The Traders Journal

Key Take-Aways from the 67th CFA Annual Conference: Part I

Gatis Roze

Gatis Roze

Author, Tensile Trading: The 10 Essential Stages of Stock Market Mastery

ImagesDuring my investment life, I’ve attended well over 100 different conferences and seminars.  The Chartered Financial Analysts four-day event in Seattle last week was the ‘gold standard’.  With over 1800 attendees, the CFA Institute brought together a stellar collection of speakers, including my former professor, William F. Sharpe, a Nobel Laureate in Economics.  There were far too many highlights to present a comprehensive review, but in the limited space here, I will share a few with the hope that you’ll investigate these items deeper on your own.
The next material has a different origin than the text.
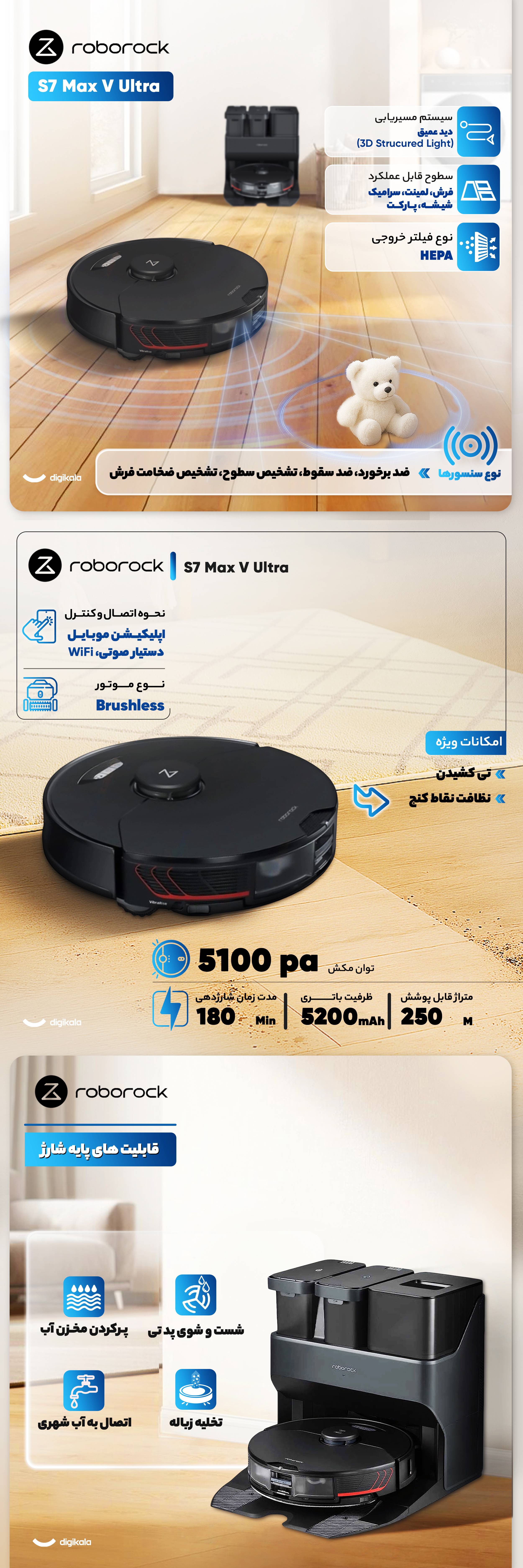 | سایر توضیحات | ویژگیهای جارو رباتیک S7 Max V Ultraسیستم هوش مصنوعی ReactiveAI 2.0دو مخزن اصلی برای گرد و غبار و شست و شودارای یک طی ضربهکشی(3000 بار در دقیقه) |

  1. The book mentioned most regularly at the conference was THINKING, FAST AND SLOW by Daniel Kahneman.
  2. A number of academic research papers have shown that investors have a 2:1 loss aversion ratio.  In other words, they feel twice as bad about losing a dollar as they do about winning a dollar.  This explains in part why markets turn down so quickly.
  3. One of the small group seminars I attended was focused on ‘personal branding’.  I came away with two definitions I liked very much:
        a. “The ability to deliberately use attributes that demonstrate your capability to manage the expectations one will receive from an encounter with you.” – Kaplan Mobray
        b. “Who you are, what you do, and why you do it.” – Michael Port
  4. You may very well succeed with an eccentric investing style, if you manage to make it your own and embrace only that one methodology.  The problems arise and performance deteriorates when you try to manage dichotomous strategies.
  5. At a global conference such as this, with an Australian sitting to my left, a South African to my right and a Czech economist, Tomas Sedlacek, up front on the podium, it quite clearly reminds me how global and challenging investing can be if you don’t find your own niche and focus.  By the way, the attendees raved about his book, Economics of Good and Evil.
  6. Stock market investors don’t do ‘gradual’ very well.  Their collective approach tends more towards ‘shock and jolt’ which explains why markets always move to extremes.
  7. Dr. William Sharpe spoke passionately about public pension programs.  He claims that according to top-tier actuaries, these programs have epic liabilities and are astronomically underfunded as a result of idiotic government accounting and crazy investments.  He is so concerned with what he referred to as a “bad setup and sick situation” that he has devoted his retirement to helping investors rescue their retirement via his non-profit website at RetirementIncomeScenarios.blogspot.com.
  8. One recurring theme I heard was that the best long-term managers ‘secret’ was to have a sustainable strategy that’s based on participating in up markets during bullish cycles and minimizing loses during the inevitable bearish cycles.  You essentially earn your stripes in downturns.  Their high net worth clients won’t fire them if they don’t outperform the market, but will do so if they lose money.  I relate to this as protecting your assets at all costs so you can fight another day.  Or as one attendee said, it’s more about protecting a lifestyle and being responsible to future generations rather than about maximizing returns.
  9. I liked this witty comment from one of the speakers who said that in these market times, we get the 100-year flood every 5 to 10 years.  During the days of calm waters, it’s important to strategize about meltdowns prior to the inevitable stormy waters ahead.
  10. One money manager’s definition of a win-win relationship is when he (the manager) performs well and also prevents his client from doing wrong.  Their corporate objective requires a good outcome on both fronts which all too often is very difficult to achieve.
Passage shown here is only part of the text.